An interesting and eclectic mix of tracks.
Ask the average guy on the street what they know about Yeasayer, and they’ll probably sing you their sing-a-long anthem ‘O.N.E’. And indeed, why not? It is without doubt a tune. In fact the whole of their album ‘Odd Blood’ pushed their profile to a brand new level. Big songs like ‘Madder Red’ and ‘Ambling Alp’ helped the band turn a corner and appeal to a whole new market. The more experimental follow up ‘Fragrant World’ took that hard work they did, in unreeling that more commercial sound. It was an underrated album, but without doubt one they had to make at the time. The Brooklyn boys have never been ones to rest on their laurels. It’s onwards and upwards. So how can Yeasayer move on from this with album number four? It is certainly less experimental than ‘Fragrant World’, and follows the more melodic route of ‘Odd Blood’. The big pop hooks are there in abundance. Never more so than on the album’s first release.
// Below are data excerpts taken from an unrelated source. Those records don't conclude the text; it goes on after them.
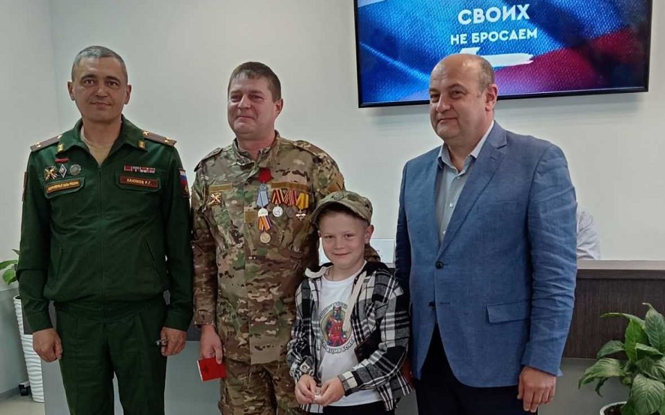 Медаль Министерства обороны Российской Федерации «Воин — доброволец» вручили Глава города Константин Поспелов и военный комиссар города Руслан Хаюмов.
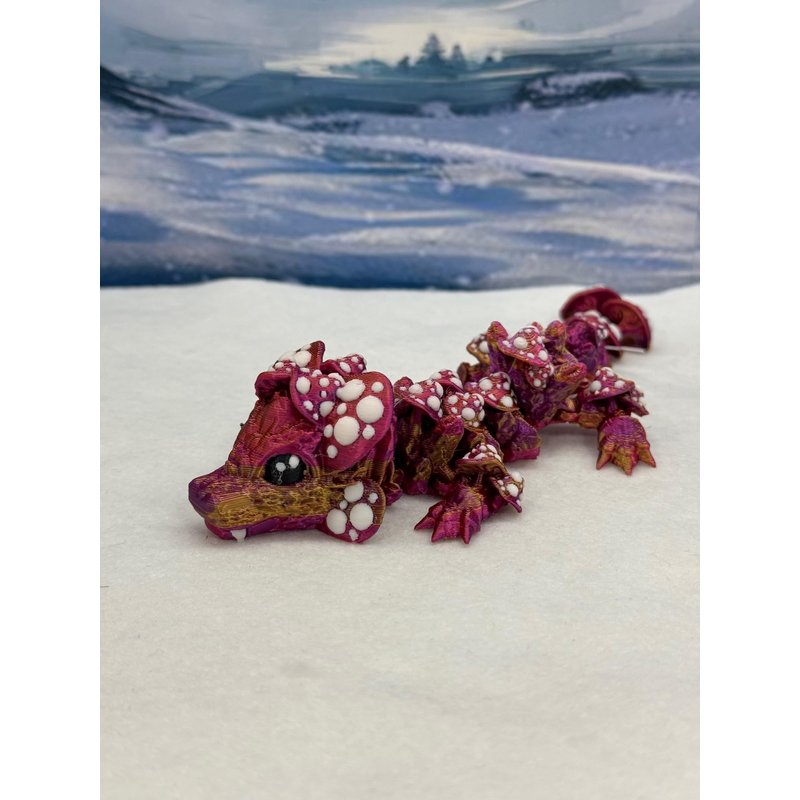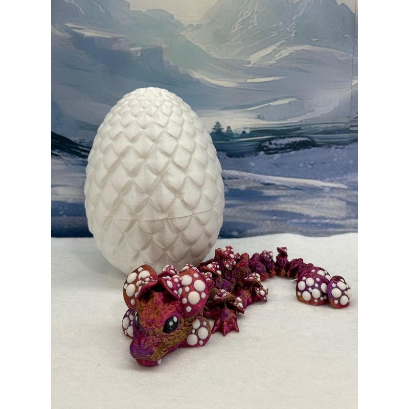 3D Printed enchanting Articulated Dragon - a mystical creature that brings a touch of fantasy to your world. Unveil the mystery of the Scaled silky White Dragon Egg & this Red Purple Gold Baby Mushroom Dragon ( measures 6" long) a captivating fusion of elegance and fantasy. Encased within a meticulously designed crystal egg, this tiny dragon reveals itself with a symphony of colors - a testament to its magical heritage. ------- Small Components Advisory: ------- Please note that this product may contain small components and might not be suitable for very young children. Given the characteristics of 3D printing, there is a potential for small components to detach if handled aggressively or dropped. Therefore, we advise against allowing younger children to interact with the dragon. Please consider that 3D printed objects might include minor imperfections such as layer lines. These are a natural and inherent aspect of the printing process. We strive to produce the highest quality items, and these imperfections contribute to the unique character of each piece. Recall the unique creation of each dragon, crafted exclusively for you. The color selections available are depicted in the provided photos. Please be aware that variations in color may occur due to discrepancies in filament production and the characteristics of the monitor or screen you are utilizing to view the listing. Additionally, the arrangement of prints using multi-colored filament rolls can influence color distribution. ------- Licensing Information: ------- Authorized Design: NOHo3D holds the official authorization for the production of this exquisite design created by CinderWing3D.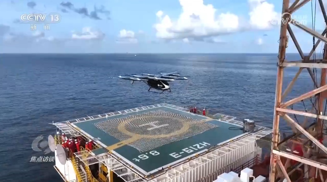 這天,一架兩噸重的電動(dòng)垂直起降航空器搭載著水果和藥品,從深圳市區(qū)起飛,歷經(jīng)58分鐘的跨海域飛行,抵達(dá)距深圳海岸線150公里的海上油氣平臺(tái),為平臺(tái)工作人員送去物資。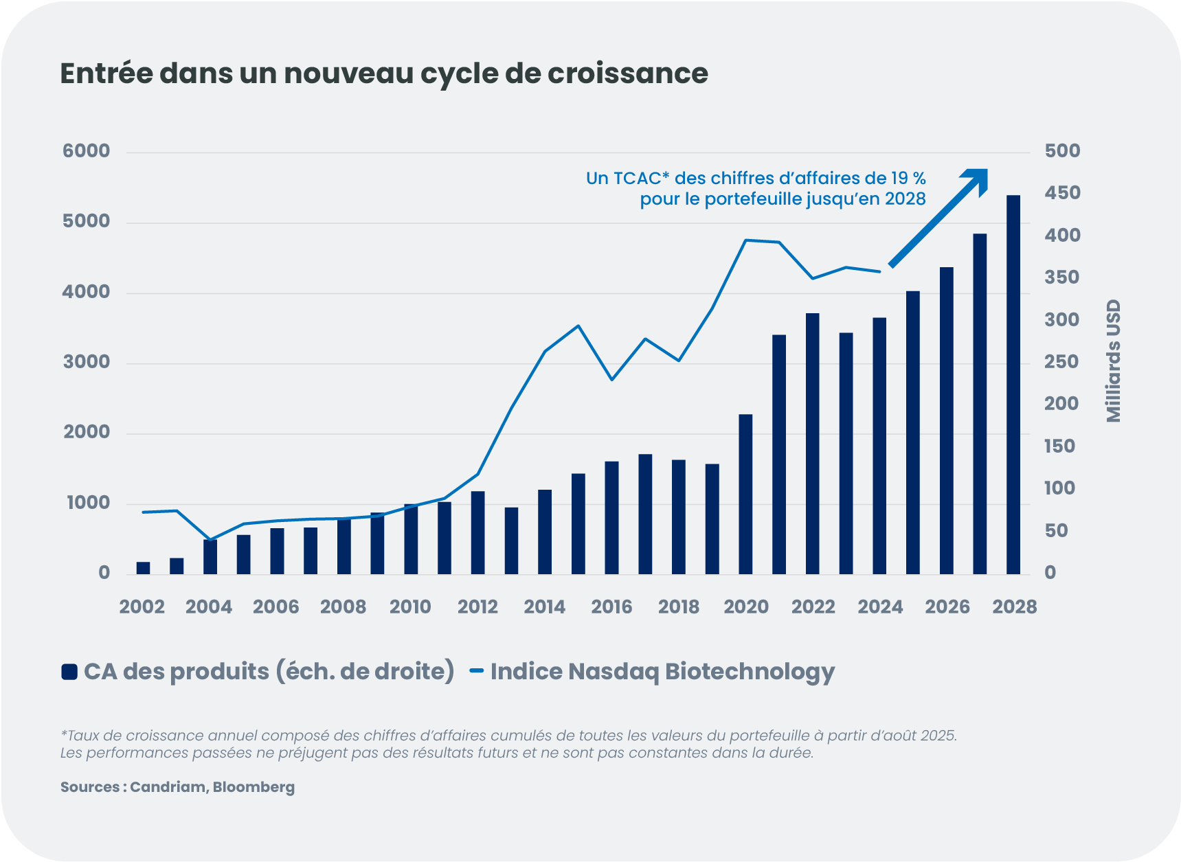 La biotechnologie s’impose comme l’un des rares secteurs capables de générer une croissance du chiffre d’affaires à deux chiffres largement indépendante du cycle économique. Avec de nombreux lancements de produits encore en phase initiale, une accélération des M&A et un cadre sectoriel structurellement renforcé, nous pensons que le secteur est bien positionné pour enregistrer des performances durables dans les années à venir.

That first track is ‘I Am Chemistry’. What’s the best way to describe it? Full on bat shit crazy. It’s a melting pot of ideas, and keeps us on our toes, switching melody and tempo left, right and centre. Its huge electronic riffs seem to fit seamlessly in a way they shouldn’t with the children’s choir. It’s a great track to begin the album campaign off with. It sits comfortably after Elliot Smith-esque intro ‘Son Of Cain’ to get the album started off in style.
‘Amen & Goodbye’ twists and changes throughout its thirteen tracks. ‘Silly Me’ is an unashamedly huge catchy pop track. It’s territory they touched on previously with ‘O.N.E’. It’s a kind of music they do well, and they join in again with with a generation of artists making pop music credible again. ‘Dead Sea Scrolls’ is Yeasayer at their funkiest, whilst ‘Child Prodigy’ and ‘Half Asleep’ have an almost medieval sound to them. It is a more eclectic mix than any of their previous work, but keeps inline with the unique sound that makes them instantly recognisable.
Whilst many albums lose momentum towards the end, Yeasayer have saved a couple of gems to close proceedings with. Firstly let’s talk about ‘Uma’. Initially I was in two minds about this track. I’m not one for people singing about their kids. Normally they come out sounding sickly and unnecessary. With the lyrics ‘I hope I don’t pass down all my flaws’ and ‘I’ll miss you when you’re grown,’ it seems like this is the subject matter vocalist Chris Keating is approaching. But in the course of this track I found myself mellowing. It is heart-melting in its sentiment, and probably the coolest lullaby ever recorded by an indie band. Okay, so that’s probably a narrow genre, but props all the same. What better way to follow a song about life, than a song about death. ‘Cold Night’ is dark and tragic. A hugely personal track, that takes Yeasayer into a brave new territory. It seems a suitable end. What Yeasayer have done with this entire album is find a place they fit comfortably in.